By Matters India Reporter

New Delhi, March 5, 2025: John Dayal, a veteran journalist-turned human rights activist, was among three people chosen on March 5 for fighting for the cause of civil liberties and religious freedom.

The annual Quaide Milleth Award, established in 2015, is given by the Chennai-based Quaide Milleth Educational and Social Trust involved in the advancement of underprivileged sections of society.

Church of South India Bishop V Devasahayam of Thoothukudi-Nazareth was in the four-member jury that chose also Navid Hamid and Vipin Kumar Tripathi for this year’s award.

Dayal, based in New Delhi, has served as the treasurer of the Editors’ Guild of India and a member of the National Integration Council. The 76-year-old Catholic was the secretary general of the All India Christian Council and president of the All India Catholic Association, the largest association of the Catholic laity in the country.

Hamid also was a member of the National Integration Council, formed in 1961 as a group of senior politicians and public figures in India to help the federal government address communalism, casteism and regionalism and problems. He is a former president of the All India Majilise Mushawarat, an umbrella body of Indian Muslim organizations, and general secretary of Movement for Empowerment of Muslim Indians.

Tripathi, a leading scientist and former professor of New Delhi’s Indian Institute of Technology who will turn 77 on March 11, was instrumental in maintaining peace and harmony. In the aftermath of Bhagalpur riots in 1990, he launched his Sadbhav Mission to develop a grassroots resistance against communalism and mobilizing people on basic issues like education. It is now engaged in the rehabilitation of the victims of sectarian violence.

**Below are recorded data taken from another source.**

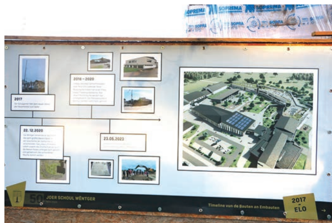
Grande exposition de photo extérieure sur 50 ans d'école à Wintger - venez la visiter .

Le conseiller Hoffmann (LSAP) se renseigne quant à la location de gobelets réutilisables proposée par le Forum pour l'emploi.
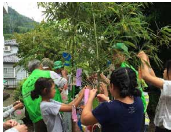
七夕行事で子供たちが切り出した竹に願い事を書いた短冊を飾る
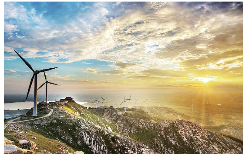
方城风光
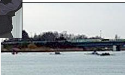
Le plan d'eau

L'AUN de Villefranche, l'emportait pour la seconde année consécutive, devant le CA Lyon, l'AUN Lyon, Aviron Meyzieu, Aviron Décines et l'AC Lyon Caluire.
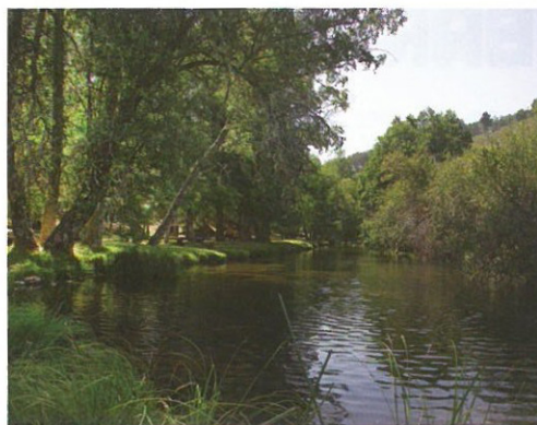
Covão da Ponte ▲
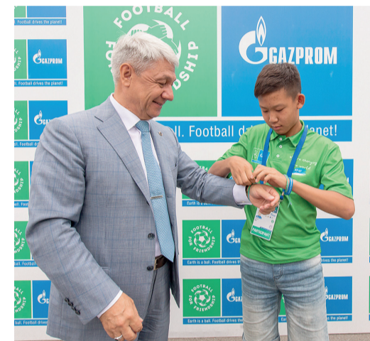
Сине-зеленый браслет – символ интернациональной дружбы
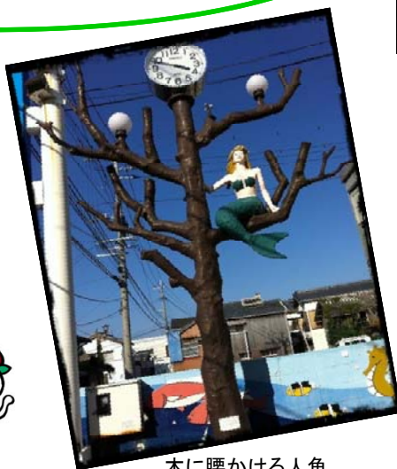
木に腰かける人魚
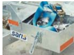
PACM standaard met handige bergruimte

The term “Quaid Milleth” means leader of the (Muslim) community and the award honors Mohamed Islmail Sahib (1896-1972), a politician and social worker from the southern Indian state Tamil Nadu.

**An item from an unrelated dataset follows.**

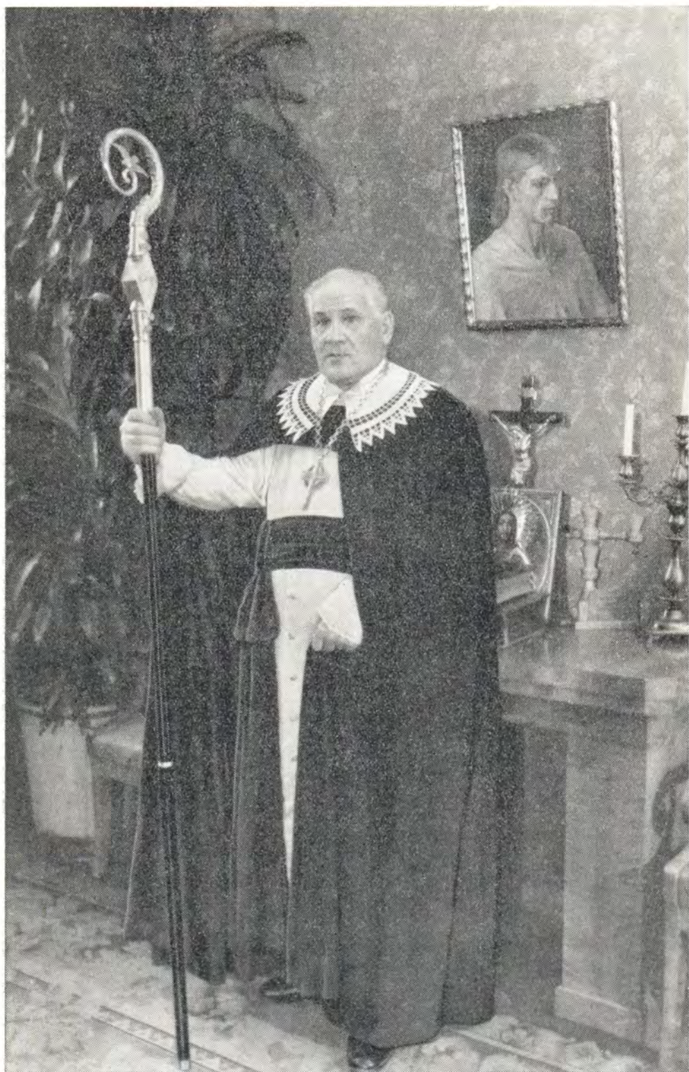
АРХИЕПИСКОП ГУСТАВ ТУРС, ГЛАВА ЕВАНГЕЛИЧЕСКО-ЛЮТЕРАНСКОЙ ЦЕРКВИ В ЛАТВИИ
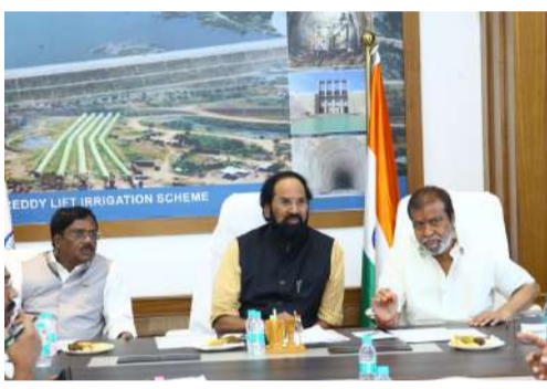
సింగూర్ డ్యామ్ ను సందర్శిస్తూ భూసేకరణకు 5000 కోట్లు జూన్ 2 నాటికి భూసేకరణ పూర్తి

స్వయంగా డ్యామ్ ను సందర్శిస్తూ భూసేకరణకు 5000 కోట్లు జూన్ 2 నాటికి భూసేకరణ పూర్తి

The first recipients of the award were social activist Teesta Setalvad and Communist leader R Nallakannan in 2015. The previous award was given in 2013 to senior journalist N Ram and Abusaleh Shariff, chief scholar and mentor at US-India Policy Institute, Washington.

Dayal was born on October 2, 1948, in New Delhi. He studied physics at Delhi’s St. Stephen’s College before becoming a journalist. He served as war correspondent or foreign correspondent in the Middle East, North Africa, South Asia and Europe.

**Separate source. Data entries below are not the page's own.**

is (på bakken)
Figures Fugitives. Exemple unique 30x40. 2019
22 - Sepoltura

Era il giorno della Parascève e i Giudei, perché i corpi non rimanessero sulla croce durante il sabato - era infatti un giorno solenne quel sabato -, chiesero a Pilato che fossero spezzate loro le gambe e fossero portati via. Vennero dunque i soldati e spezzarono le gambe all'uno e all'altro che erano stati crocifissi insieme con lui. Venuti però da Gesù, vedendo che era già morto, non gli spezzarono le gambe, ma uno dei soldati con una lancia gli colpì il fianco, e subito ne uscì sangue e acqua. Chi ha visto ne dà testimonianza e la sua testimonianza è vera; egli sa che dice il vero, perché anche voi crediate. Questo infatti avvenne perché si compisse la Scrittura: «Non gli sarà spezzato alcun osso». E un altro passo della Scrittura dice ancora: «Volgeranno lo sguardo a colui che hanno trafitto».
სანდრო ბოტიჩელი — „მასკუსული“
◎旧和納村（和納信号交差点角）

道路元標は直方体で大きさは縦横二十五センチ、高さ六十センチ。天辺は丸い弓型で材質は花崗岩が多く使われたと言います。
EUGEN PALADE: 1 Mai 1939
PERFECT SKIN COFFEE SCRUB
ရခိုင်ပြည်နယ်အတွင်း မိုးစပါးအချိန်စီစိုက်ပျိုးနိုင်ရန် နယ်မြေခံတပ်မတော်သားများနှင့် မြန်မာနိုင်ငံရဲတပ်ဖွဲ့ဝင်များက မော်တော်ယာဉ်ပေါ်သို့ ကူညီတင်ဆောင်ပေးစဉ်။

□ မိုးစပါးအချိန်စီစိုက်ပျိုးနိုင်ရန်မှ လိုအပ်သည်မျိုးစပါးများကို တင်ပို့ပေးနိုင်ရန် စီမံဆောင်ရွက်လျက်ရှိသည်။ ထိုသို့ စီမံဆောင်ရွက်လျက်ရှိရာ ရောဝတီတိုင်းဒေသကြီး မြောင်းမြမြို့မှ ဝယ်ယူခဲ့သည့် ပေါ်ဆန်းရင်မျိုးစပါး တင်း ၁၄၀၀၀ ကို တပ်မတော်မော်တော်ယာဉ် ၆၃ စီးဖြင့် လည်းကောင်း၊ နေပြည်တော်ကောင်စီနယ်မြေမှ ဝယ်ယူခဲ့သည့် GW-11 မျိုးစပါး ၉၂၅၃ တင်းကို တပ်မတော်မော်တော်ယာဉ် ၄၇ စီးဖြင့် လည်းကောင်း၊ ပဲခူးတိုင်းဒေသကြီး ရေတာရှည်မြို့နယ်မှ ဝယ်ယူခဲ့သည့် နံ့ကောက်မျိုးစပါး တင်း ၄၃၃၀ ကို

He became editor and CEO of the Delhi Mid Day, an afternoon newspaper.

Dayal continues to provide commentary and analysis in print and on national TV and radio. He has headed the governing boards of several colleges of Delhi University, and has taught as a visiting teacher at several universities in northern India.

As an activist he has worked on such issues as displacement of tribal people, opposition to nuclear weapons, forced disappearances and impunity. During more than forty years he has investigated a great many cases of human rights abuse aimed at Christians.

In 2007, Dayal was in the five-member Fact Finding Team that went to Phulbani area of Kandhamal district in Orissa to investigate violence against Christians.